His mother glanced up at the ceiling before answering. “Well, I was looking at your brother here, having trouble believing this is really him, when I reached down to touch his hand. And when I did, I was really surprised at, I don’t know, at how inanimate he felt. He didn’t feel like a person at all. He felt like a chair or something. It was kind of strange.” She glanced at Tom’s body and then looked back at Arthur. “And then, all of a sudden, it hit me. If he isn’t here anymore, I mean in his body, and he certainly is not, then he must be someplace else, someplace better. And then my faith came back to me full force, and I felt like a weight had been taken off my back. I still feel that way now.”
“You think he’s in heaven?”
“Yes. Don’t you?”
“I don’t know. I just know I want to live.”
“What does that mean?” his mother asked softly.
“I don’t want to go to Vietnam.”
“I don’t think you have to worry about that.

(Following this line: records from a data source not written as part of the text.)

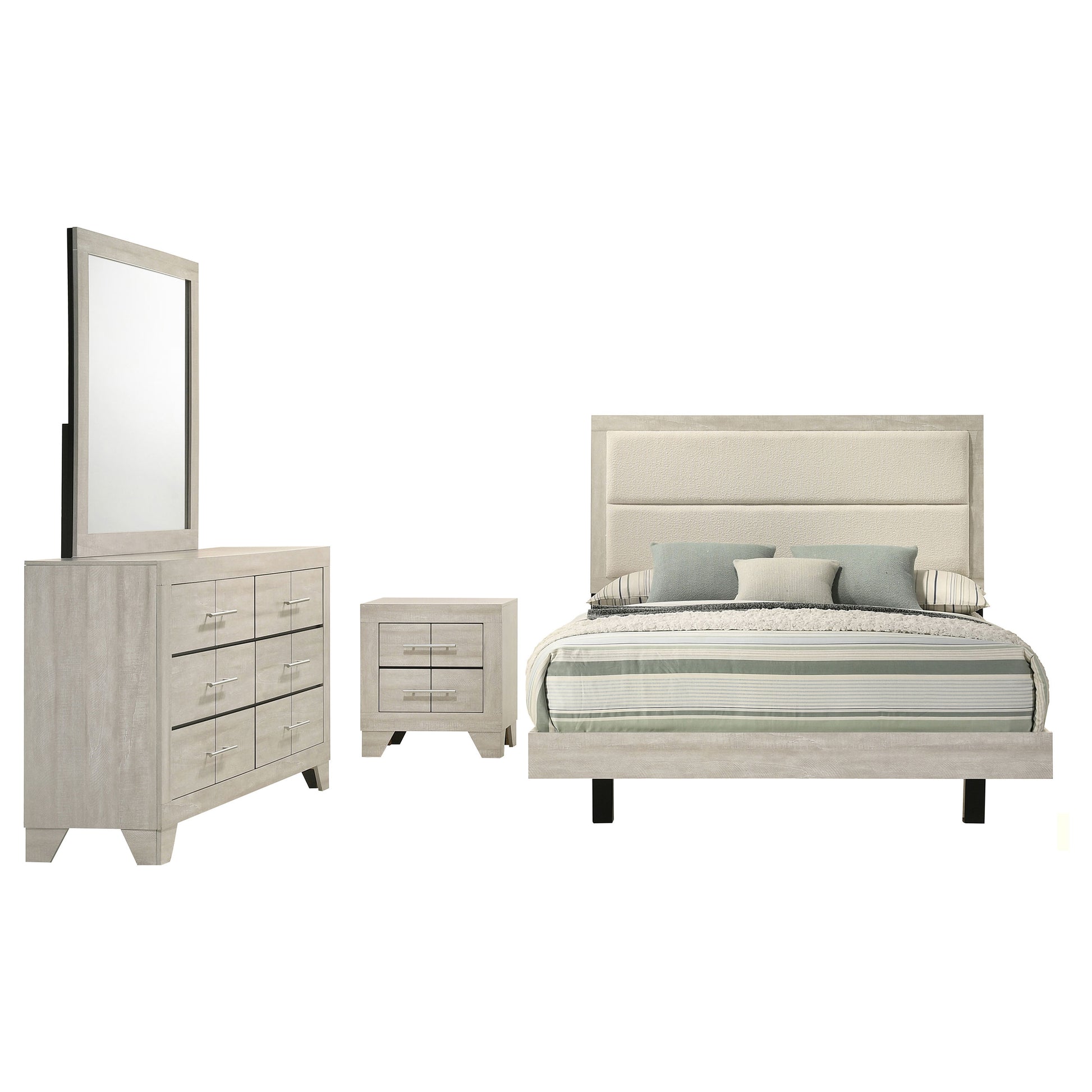 This contemporary bedroom set blends cool, modern style with rustic charm. Its Yin & Yang design pairs a rustic cream finish over engineered paper veneer with a sleek, floating bed. The headboard's padded, cream bouclé fabric adds softness, while polished nickel hardware brings shine. Crafted from rubberwood and engineered wood, drawers feature English dovetail joinery and Center metal glide for durability. This set is chic, stylish, and full of unique details.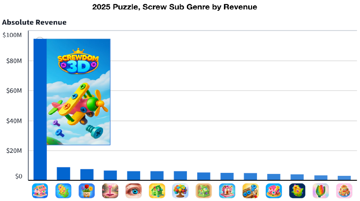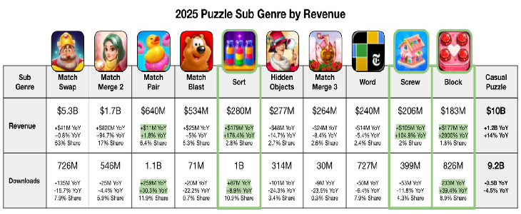 然而,2025年的市场数据却揭示了一个有趣的局面:在这个全年内购收入高达100亿美元的成熟市场中,传统的三消大盘趋于停滞,反而是偏向“小玩法”甚至“超休闲”的三个细分品类——方块(Block)、排序(Sort)和螺丝(Screw),联手跑出了超200%的爆发式增长。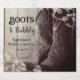 Toast the bride to be when you personalise the charming Rustic Boots and Bubbly Floral Wedding Shower sparkling wine Labels. Perfect for a casual country western barn party bridal shower. Each rustic chic custom bottle label features a black and white sepia tone farm photograph of a pair of brown leather cowboy boots and weathered barn wood with white flowers adorning the corners.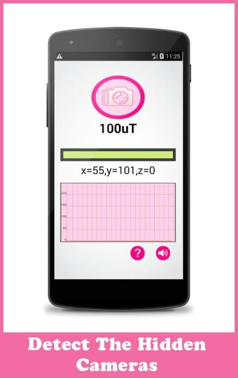 الكاميرا الخفية للكشف عن بالاضافة الى التطبيق هو بسيط للاستخدام، فقط فتحه وتحريكه حول الكائنات غير موثوق بها. إذا ارتفعت قيم الحقول المغناطيسية هناك كاميرا خفية في المنطقة. دقة التطبيق تعتمد كليا على أجهزة الاستشعار المغناطيسي في جهازك وتتأثر المعدات الكهربائية مثل أجهزة التلفزيون وأجهزة الكمبيوتر ... بسبب الموجات الكهرومغناطيسية.
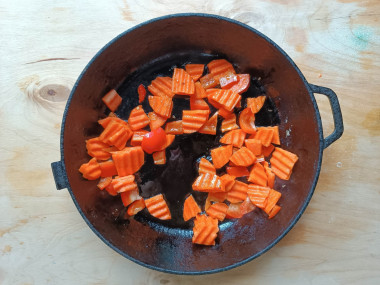 Готовые овощи выложите в отдельную тарелку. На эту же сковороду насыпьте макароны.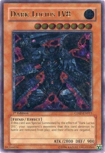 If this card was Special Summoned by the effect of ‘Dark Lucius LV6’, your opponent’s monsters that this card destroys by battle are removed from play, and their effects are negated.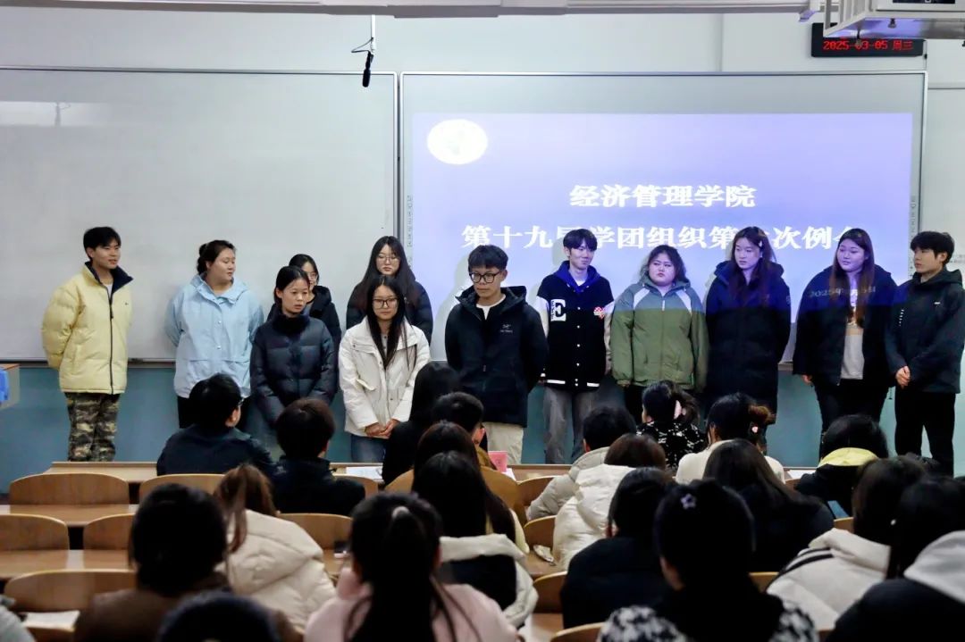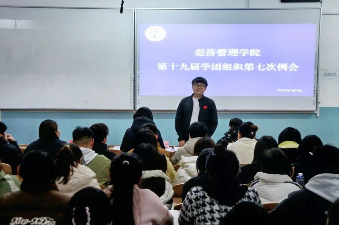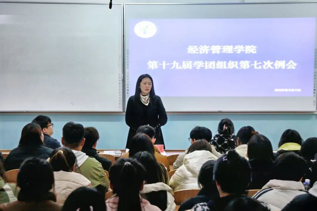 为确定新学期各项工作的锚定方向、全方位提升学生的专业素养、实践能力与综合技能。经济管理学院于2025年3月5日在一教110教室召开经济管理学院第十九届学团组织第七次工作例会。本次会议由学院团委书记王宇晨主持,学院党委副书记周桂莲、22级专升本辅导员宋文茜出席,第十九届学团组织全体成员以及24级管培生参加会议。
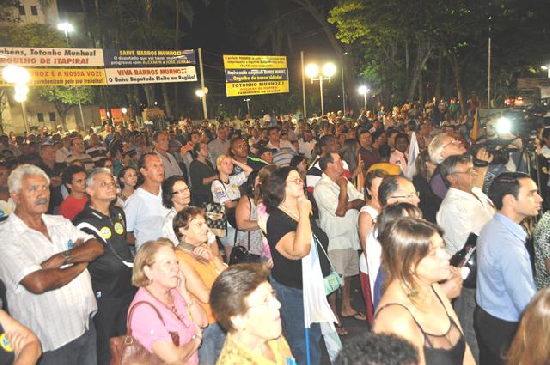 Esta quarta-feira, dia 8 de outubro, a Praça Bernardino reviveu os áureos tempos dos grandes comícios. Os políticos modernos substituíram os comícios pela comunicação televisiva e internet. Poucos se aventuram em organizar e realizar o evento em praça pública, temem falar para meia dúzia de gatos pingados e oferecer o fracasso aos opositores. Só os grandes líderes, os grandes oradores tem a coragem de arriscar o prestígio na forma mais autêntica de se fazer política: aquela em que o eleitor fica cara a cara com político e com as suas ideias.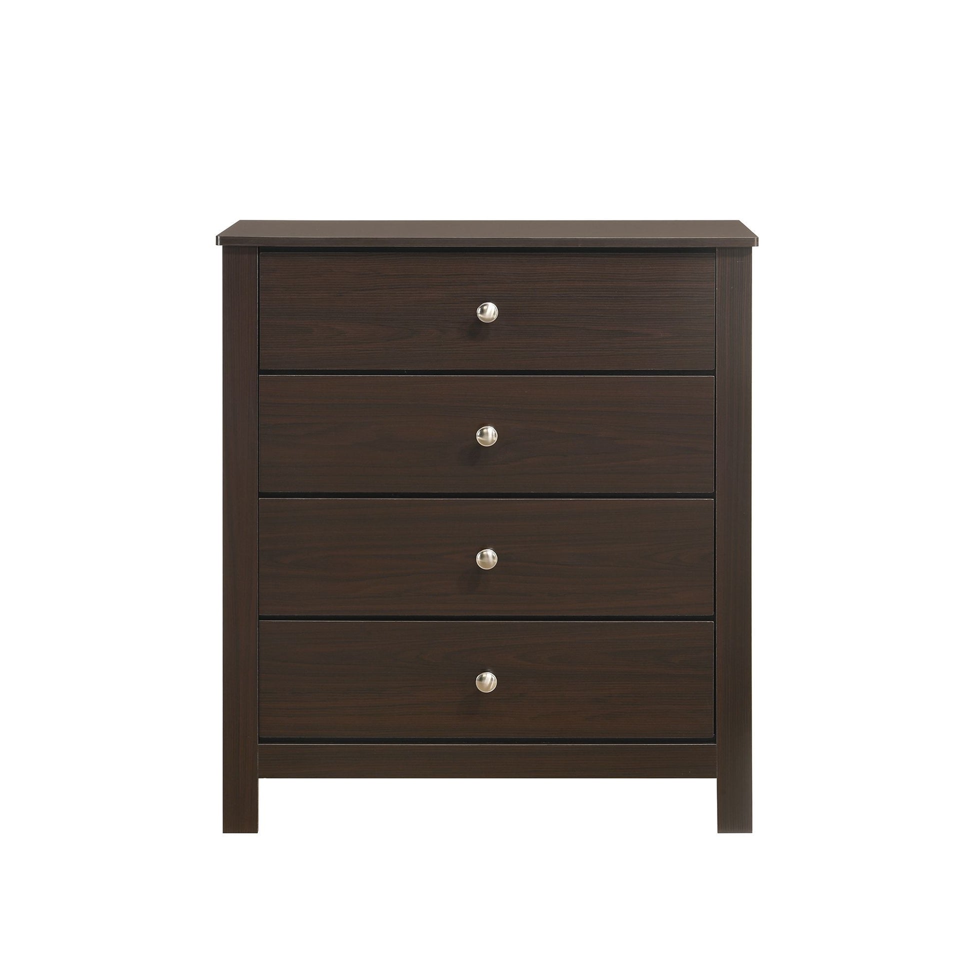 The Sami Chest offers the perfect blend of style and function for your child’s room. The dark wood finish brings a sophisticated and elegant look, while the spacious drawers provide ample storage for clothing and essentials. Featuring smooth center metal glides, each drawer opens effortlessly for easy access. Designed with youth sizing, this set is ideal for kids' rooms, adding a touch of refinement. Stylish nickel knobs offer a modern accent, and the raised base with open feet gives the chest a contemporary feel, making it a practical and chic addition to any bedroom.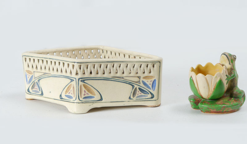 6 PIECE WELLER POTTERY & AN OWENS VASE: 1) Creamware planter, 4'' x 10 3/4''. 2) Woodcraft 9'' vase. 3) Woodcraft log planter, 5'' x 9 1/2''. 4) Woodcraft bud vase, 6 1/4'' tall. 5) Coppertone frog vase, 4 1/2''. 6) Floretta 5 3/4'' vase. 7) Owens pottery standard glaze, twist body vase, 4'' tall.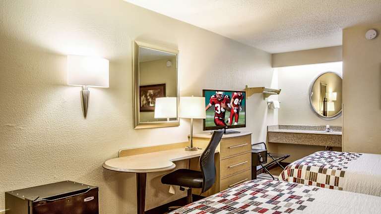 Das Red Roof Inn Detroit - Plymouth/Canton bietet klimatisierte Zimmer mit modernem Komfort. Jedes Zimmer verfügt über einen Flachbild-Kabel-TV und ein eigenes Bad mit einer Badewanne oder Dusche, einem Haartrockner und kostenlosen Pflegeprodukten. Ein Schreibtisch, ein Safe und ein Bügeleisen/-brett gehören ebenfalls zur Ausstattung der Zimmer.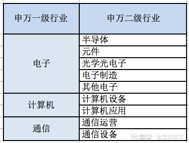 剩下的4个方向半导体、电子、通信(包含5G)、计算机。到底是啥关系?我再借助申万一二级行业分类来理解:

I really don’t.”
Two days later, at the airport waiting for the plane back to school, Arthur sat reading, for the third or fourth time, the popular novel The Catcher in the Rye. After about half an hour, he sat the book face down on his lap and wondered why he found the main character, Holden Caulfield, so easy to identify with. After all, Holden had flunked out of two prep schools, whereas he was graduating from college with honors. And Holden dreamed of running away to a cabin near the woods, whereas he would soon be working on a Ph.D. in physical chemistry. Maybe it had something to do with Holden’s candid insights into school life, or his willingness to resist parental authority, or maybe it was his awkwardness with girls. A guilty pleasure at best, Arthur noted with a faint smile.